Irish Bagpipes vs Scottish Bagpipes

One of the reasons I decided to do this post is because, frankly, I want to learn what the difference is. I’ve always kind of known there is a difference between the Irish and Scottish bagpipes, but I’d never have been able to actually tell you what the difference was. I knew about as much about the difference as I know about residential roofing contractors. I didn’t even know that there are sub-categories of bagpipes. Fun fact! There are. We won’t get into all of them here, but if you want to learn some bagpipe basics, all you have to do it keep reading!

First of all, let’s establish that the use of bagpipes is not exclusive to the Celtic cultures of the British Isles. Far from it, as bagpipes can be found throughout Europe and also in parts of Asia. Another thing I didn’t know. I’m learning so much! The two types we’ll be focusing on here, however, are the two main types found in the British Isles, which are the Irish bagpipes, known as the Uilleann or the Elbow (seen above), and the Scottish, called the Great Highland or Small Border.

The Great Highland is probably the bagpipe that immediately comes to mind when you think bagpipe. They owe their popularity largely to the 19th century colonisation by the British Empire, so you can find this bagpipe used from Australia to India to Canada. Traditionally, the Great Highland was played for a number of very different occasions. Certainly the most serious is as an intimidation tactic in war. Imagine an army of Scots marching towards you, led by a proud line of pipers, playing as loudly as they can, keeping the beat of the men’s march. I would find that pretty intimidating.

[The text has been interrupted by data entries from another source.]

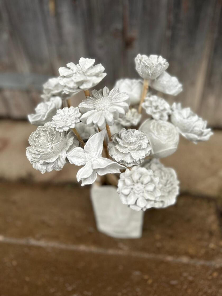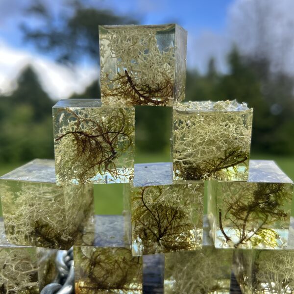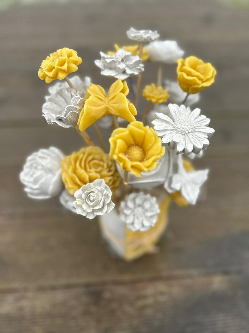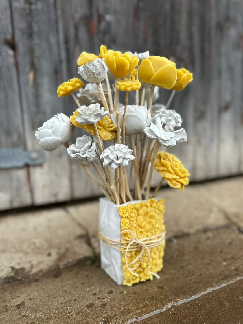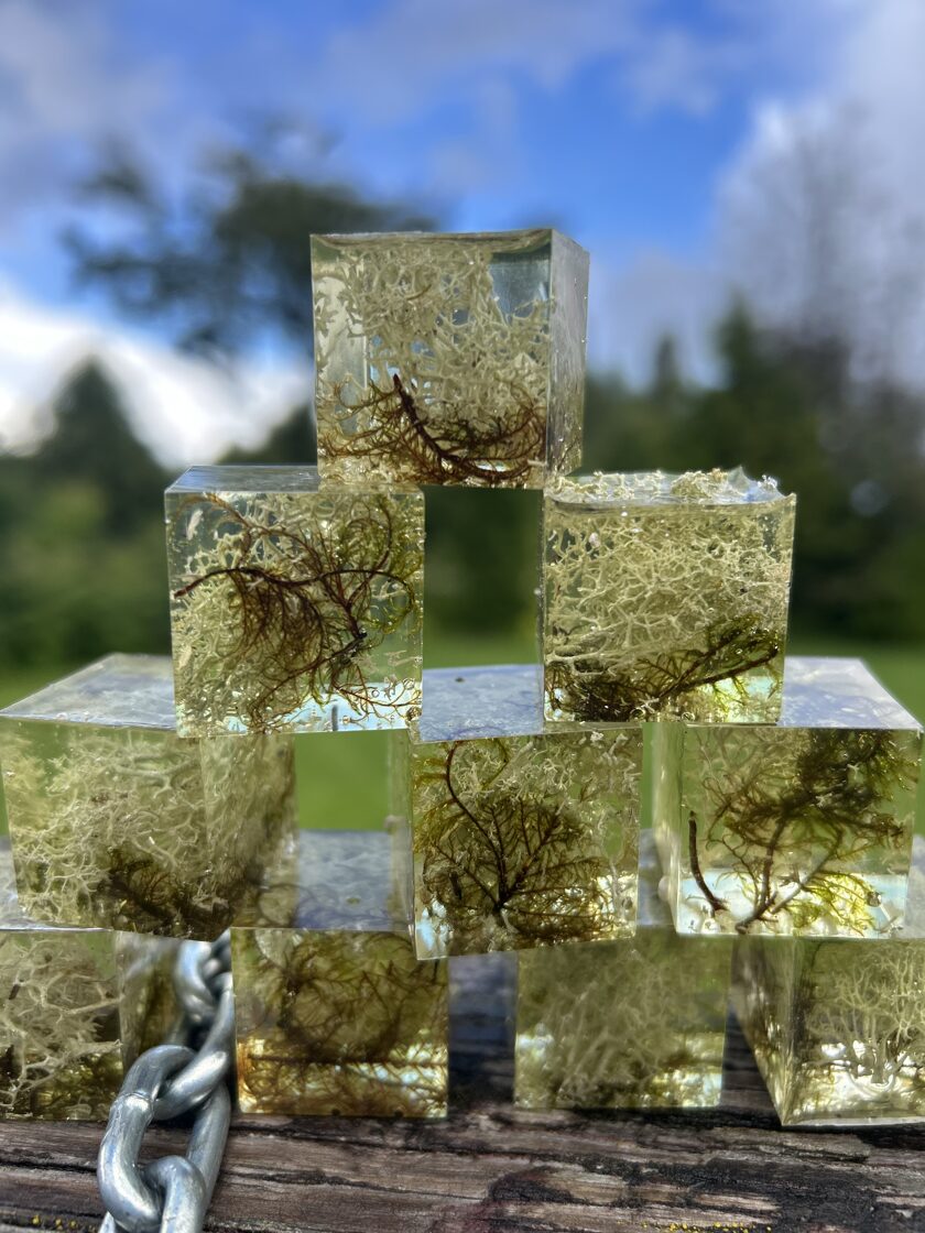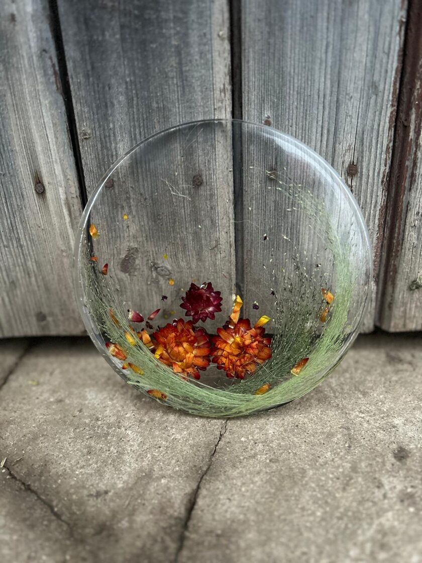Ģipsis, bišu vasks, epoksīda sveķi kompozīcijās un dekoros.
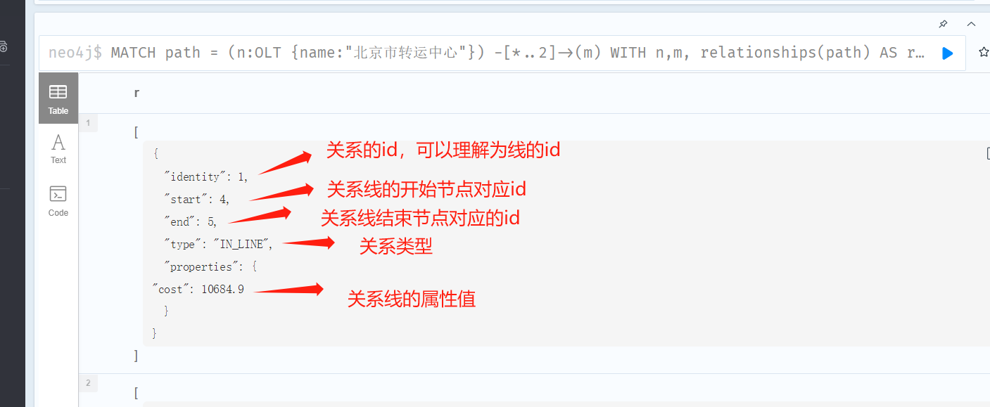 通过 type()函数查询关系类型,通过下面的sql返回两个转运中心的关系
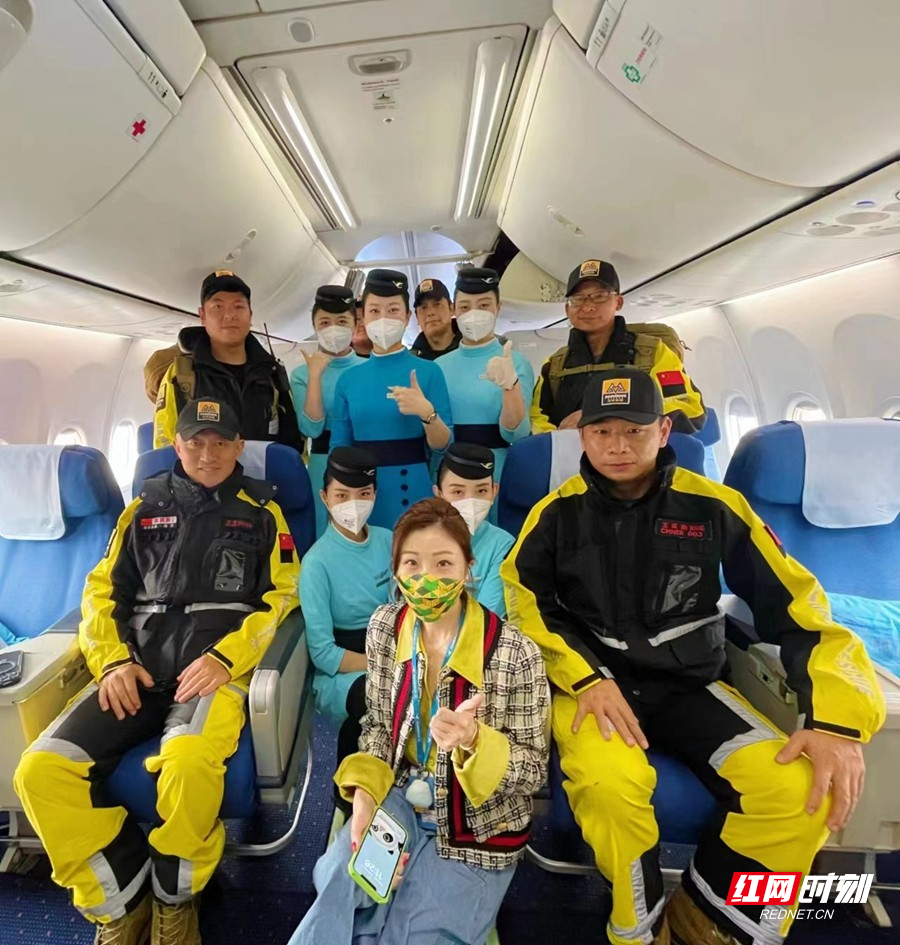 在飞行过程中,厦航乘务员通过机上广播向公羊救援队的成员们表达敬意与感谢,并预祝勇士们平安归来!本次执飞航班的厦航乘务长余旭静是公羊队的老熟人,在去年4月26日MF8255杭州-兰州的航班保障中,余旭静乘务组便同赶赴兰州执行任务的公羊勇士们相遇结识,此次跨国救援,余旭静乘务组将无比的敬意以及平安回来的祝福给予每一位公羊勇士,期待凯旋之时的再次相遇。
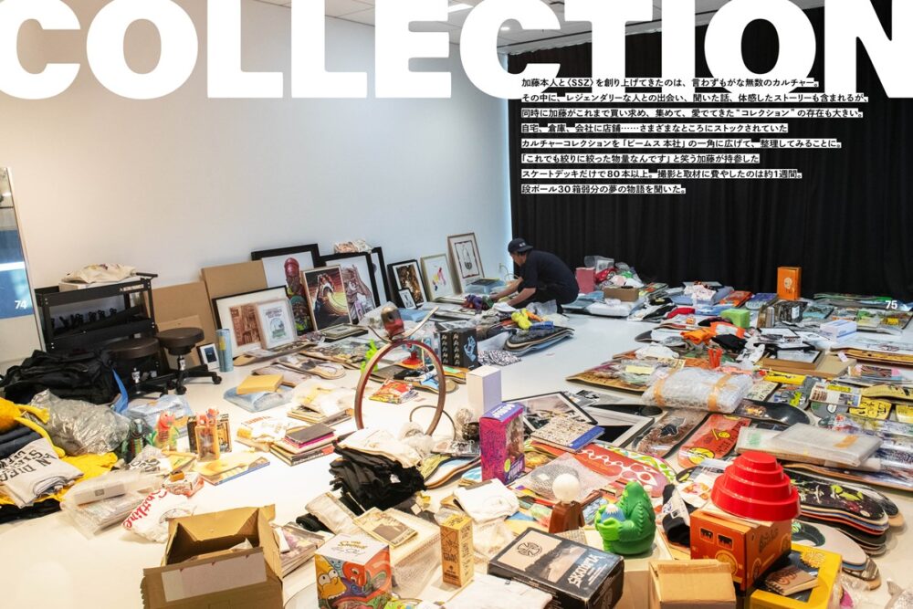 ヴィンテージかどうか、希少性や市場価値ではない。「自分が本当にいいと思ったもの」を選び続けてきた加藤。その膨大なアーカイブは、単なるコレクションではなく、クリエイティブのための資料であり、自身の感覚と判断軸を裏付けるストックでもある。
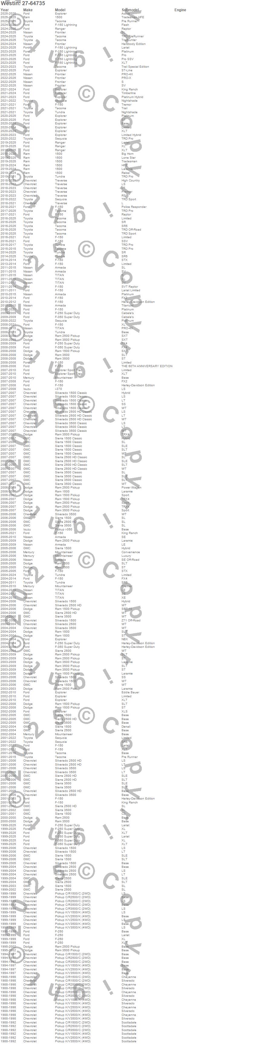 Brand: WestinPart Number: 27-64735Running Board Type: Black Aluminum - 79 in. Length - Does Not Include Mount Kit - Vehicle Specific Mount Kit Must Be Purchased SeparatelyUPC: 707742091227
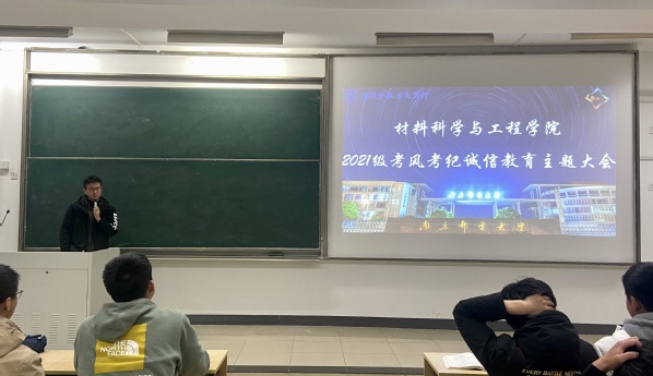 2021年12月9日,太阳城娱乐 2021级本科生在教3-300召开了以考风考纪诚信教育主题大会,大会由2021级辅导员王森主持。
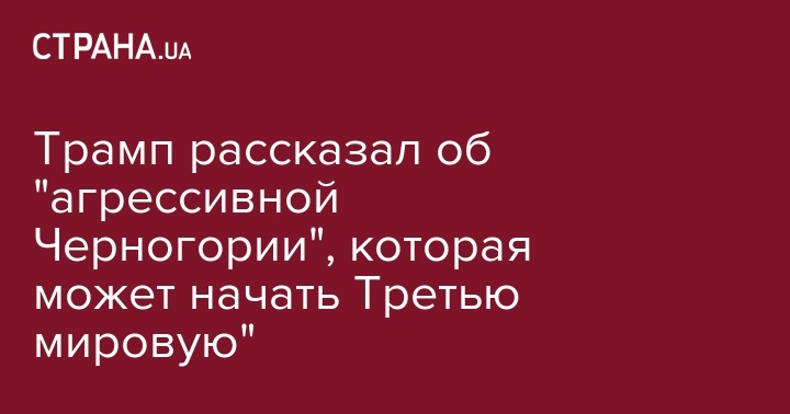 "Черногория – это крошечная страна, где очень сильный народ. Там очень сильный народ, очень агрессивный. Они могут стать агрессивнее – и поздравляю, вы в третьей мировой войне", – добавил Трамп.
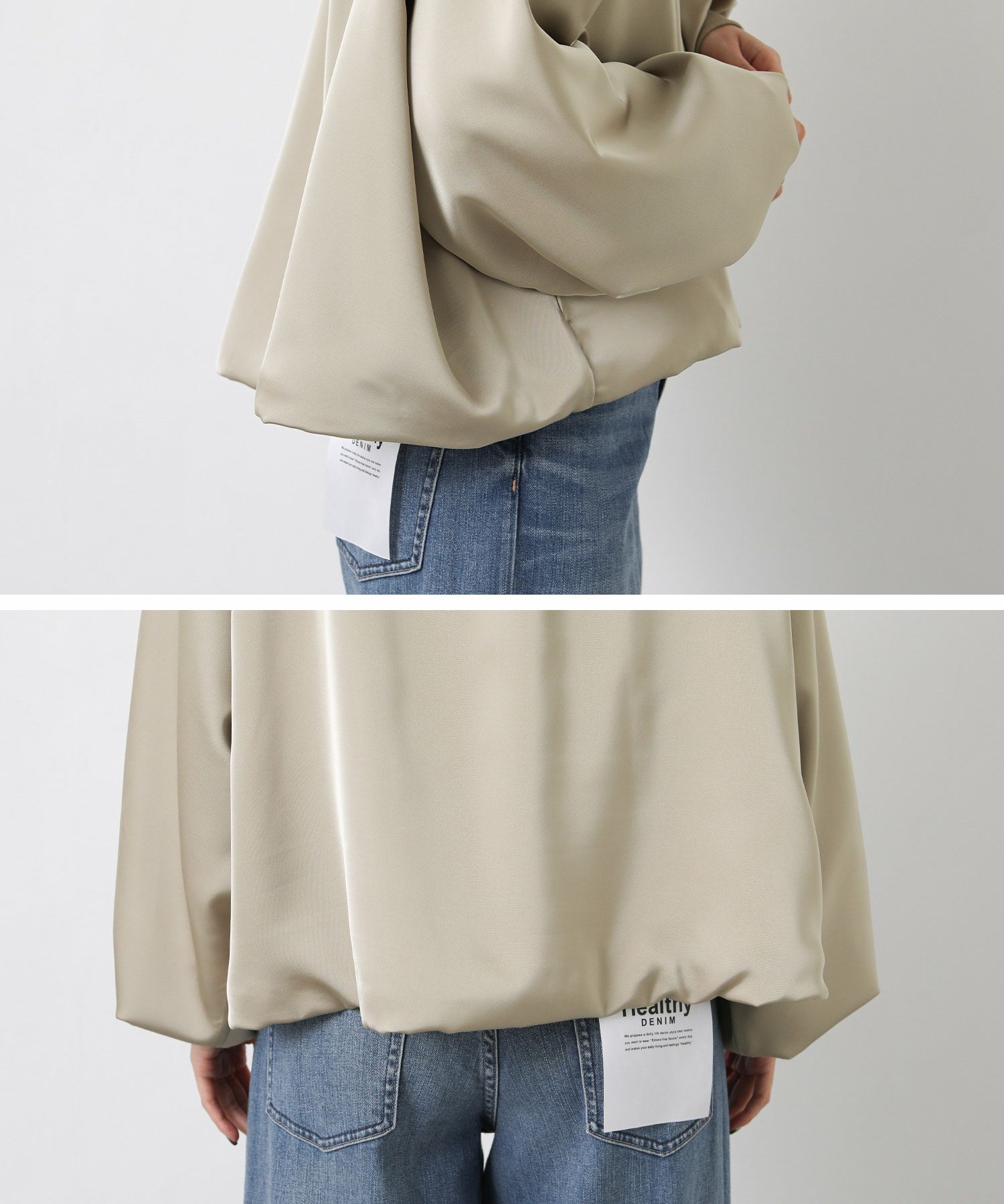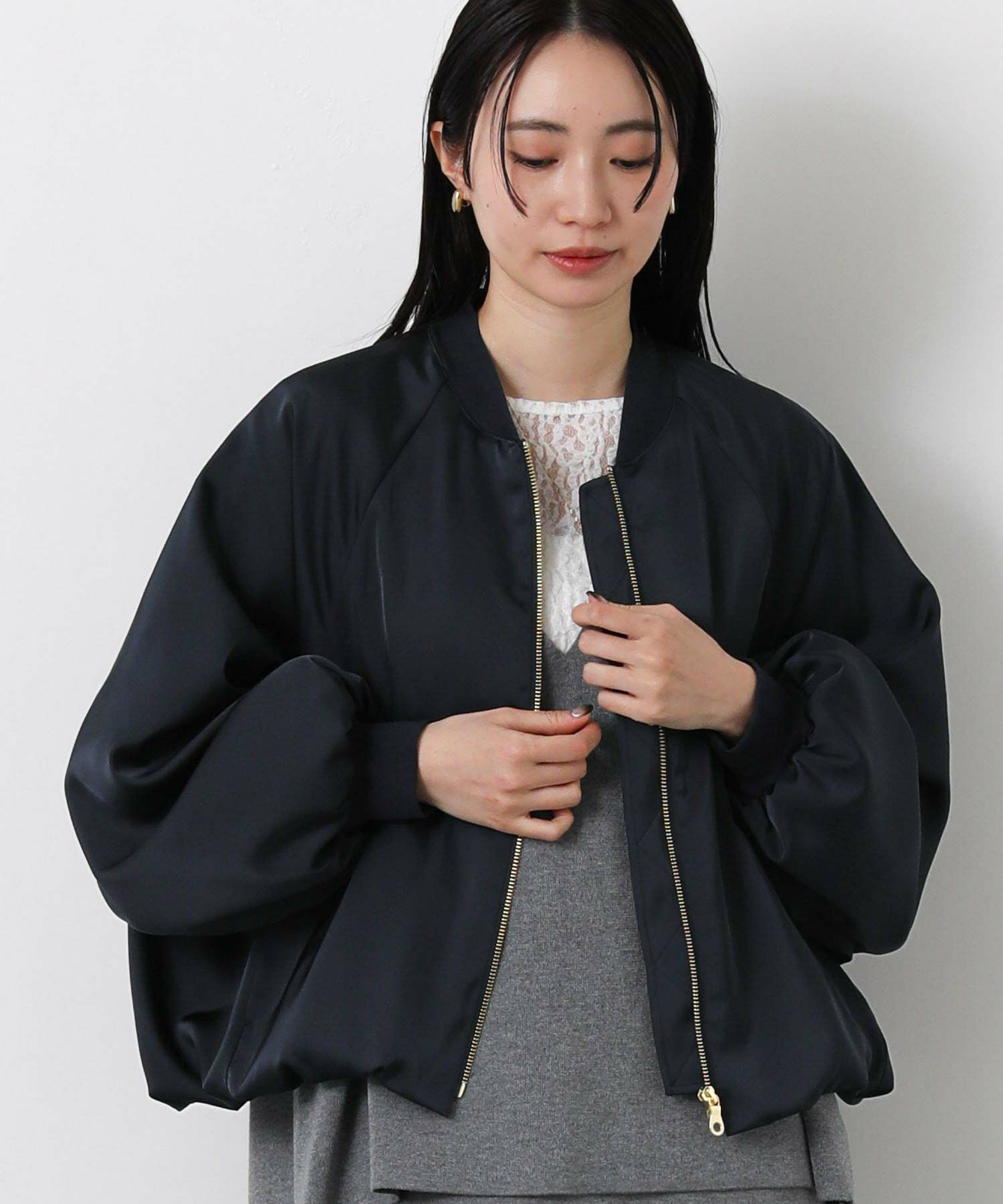 なめらかな微光沢感が美しいサテン素材を使用したブルゾン。

Rather less severe was their use in outdoor community events and dances. The Great Highlander is held under the left arm, and the arm is then used to squeeze the air the piper is blowing out through the three drones and the chanter. The chanter on a Great Highlander has eight holes, so only nine notes can be played, and the tonic notes are somewhere in the B range. Also, the Great Highlander is pretty loud. Happily, the Small Lowland Pipe, or Parlour Pipe, are smaller versions of the Great Highlander, and are pitched to A and D, so they’re all-around better for an indoor pub jam session.

The Uilleann pipes are actually quite different. It’s a bit hard to explain, but basically they’ve still got a melody chanter and at least three drones, but they’ve also got three regular stocks, and these stocks have keys, and allow for chordal accompaniment when desired. Which is super cool. So, from what I gather, the Great Highlander is always open at the end, so the sound can’t be stopped, but in the case of the Uilleann pipes, it’s possible for the sound to be completely stopped when the piper pleases. This seems to be because the end of the chanter is against the piper’s thigh, and thus when all the key holes are closed, the sounds stops. Couple more fun facts! The Uilleann pipes have a chanter that’s two full octaves, and can even be played chromatically! The most popular today are those pitched to Concert D, because they can be played easily with other instruments.